Carbol fuchsin
- Names: IUPAC name 4-[(E)-(4-aminophenyl)-(4-imino-3-methylcyclohexa-2,5-dien-1-ylidene)methyl]-2-methylaniline;hydrochloride

Identifiers
- CAS Number: 8052-17-3; 4197-24-4;
- 3D model (JSmol): Interactive image;
- ChEBI: CHEBI:87668;
- ChemSpider: 35787829;
- ECHA InfoCard: 100.021.897
- EC Number: 224-086-6;
- PubChem CID: 5748567;
- CompTox Dashboard (EPA): DTXSID30962122 ;

Properties
- Chemical formula: C_{20}H_{19}N_{3}O·HCl
- Molar mass: 337.85 g/mol
- Hazards: GHS labelling:
- Pictograms: GHS07: Exclamation mark GHS08: Health hazard
- Signal word: Warning

= Carbol fuchsin =

Staining chemical

Carbol fuchsin, carbol-fuchsin, carbolfuchsin, or Castellani's paint is a mixture of phenol and basic fuchsin that is used in bacterial staining procedures. It is commonly used in the staining of mycobacteria because it has an affinity for the mycolic acids found in their cell membranes.

It is a component of Ziehl–Neelsen stain, a differential stain.
Carbol fuchsin is used as the primary stain dye to detect acid-fast bacteria because it is more soluble in the cells' wall lipids than in the acid alcohol.
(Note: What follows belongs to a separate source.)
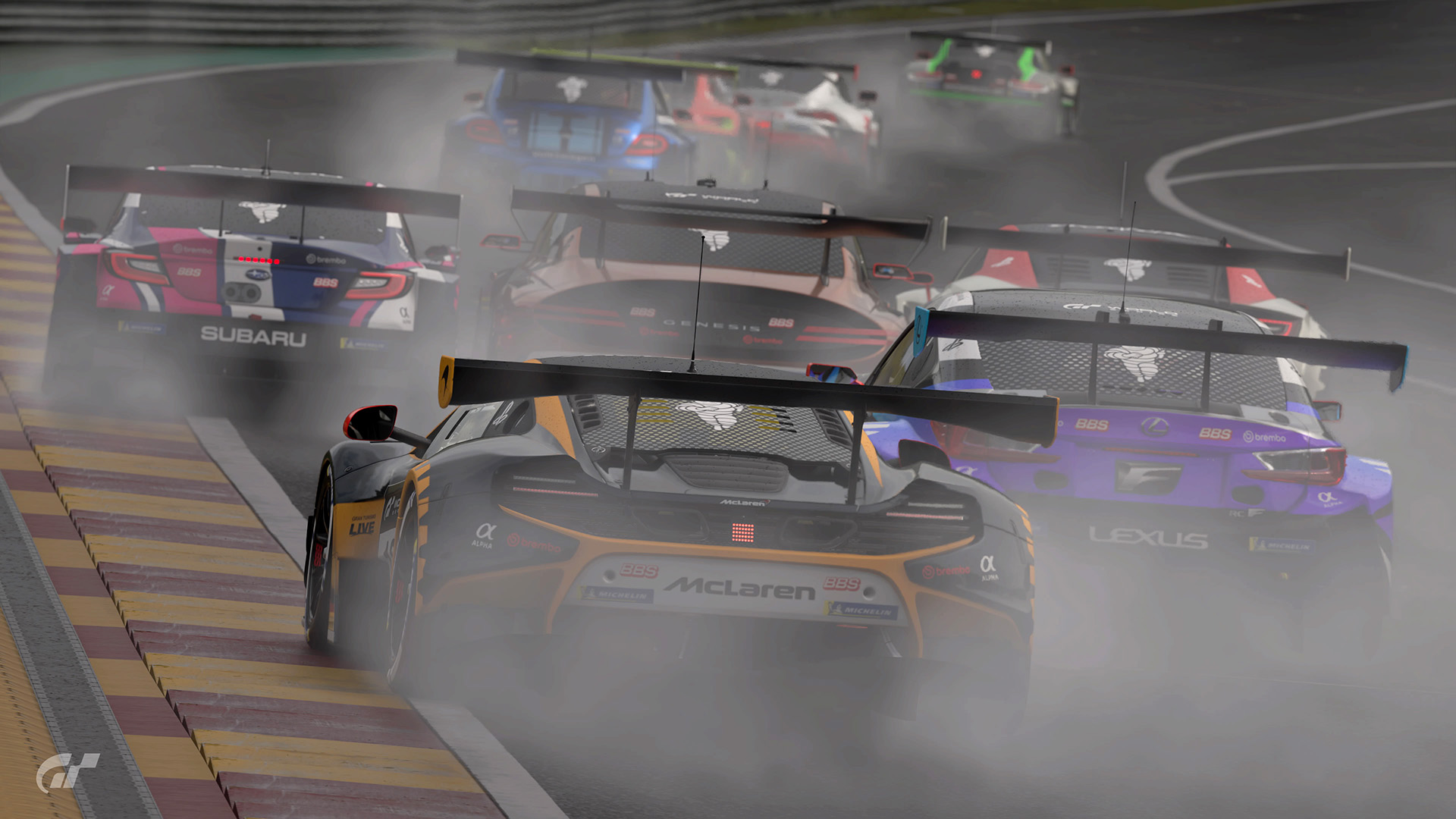 ローリングスタートで幕開けしたレースは、第1コーナーのスイーパーから始まり、タイトなヘアピンで各車が順位を競い合う展開となりました。ジェネシスはメルセデスAMGのルーカス・ボネリ選手(TGT_BONELLI)に衝突されコースオフし、8位まで順位を落とします。いっぽうで、ボネリはスバルをオーバーテイクして4位に浮上。ポルシェとトヨタが少しずつ差を広げる中、フォルクスワーゲン、メルセデスAMG、スバルの3台による3位争いが激化。ボネリは2ラップ目にポジションを一時的に獲得したものの、1ラップ目に起こしたジェネシスとの接触で2.0秒のペナルティを課せられ、結果として2つポジションを落としました。

If the bacteria is acid-fast the bacteria will retain the initial red color of the dye because they are able to resist the destaining by acid alcohol (0.4–1% HCl in 70% EtOH). Additionally, it can be used for the staining of bacterial spores.

Carbol-fuchsin is also used as a topical antiseptic and antifungal.